Subtopics for this page:

Public concern about corruption

Improving perceptions of the public service

Assets disclosure by public officials

Recommended websites

Recommended readings: (general)

Recommended readings: (public respect)

Recommended readings (corruption & development)

Respect for the public service matters

Low public respect for the public service is more than the response of disappointed consumers to an inadequate level of service. Government is more than a service provider; and  finding the right balance between skepticism and confidence in government will always be difficult. Certainly, though, very low confidence and widespread cynicism about the performance of government can have pernicious consequences, undermining democratic institutions and reducing the attractiveness of the public service as a career to those with talent. Survey evidence in OECD countries has shown some troubling signs that public cynicism about the public service is increasing. However, the picture is distinctly nuanced.

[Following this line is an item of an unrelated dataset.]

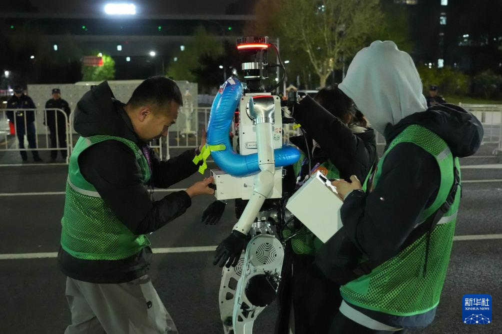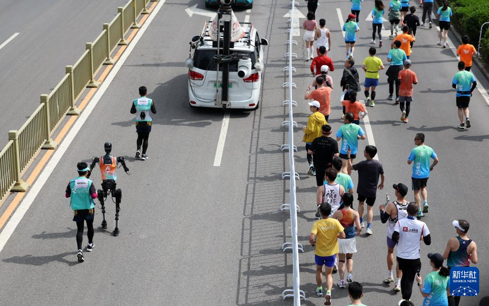 2025年4月19日,选手在北京亦庄半程马拉松暨人形机器人半程马拉松比赛中。新华社记者 曹灿 摄

The public in many countries appears to be expressing more disillusionment with the performance of politicians than of the permanent civil service. Research in the USA on trust in government has highlighted that public confidence in government and the image of the public sector are inextricably linked (Kamarck 1998). Clearly, the public's negative view of political wrongdoing has a spill-over effect on the reputation of public servants.

Survey data indicate that citizens oftentimes have more confidence in public servants than in politicians. Still, there is only modest comfort in this finding. Citizens tend to rate the ethical standards of both public servants and politicians less highly than other professions. In Canada, for example, 87% of citizens have a high trust in nurses, compared to 46% for business leaders, 30% for federal public servants, and 13% for politicians (Ekos Research Associates, "Rethinking Government," March 1999). The same survey found 83% of Canadians rank the ethical standards of NGO volunteers as high, compared to 65% for small business people, 42% for public servants, and 17% for politicians.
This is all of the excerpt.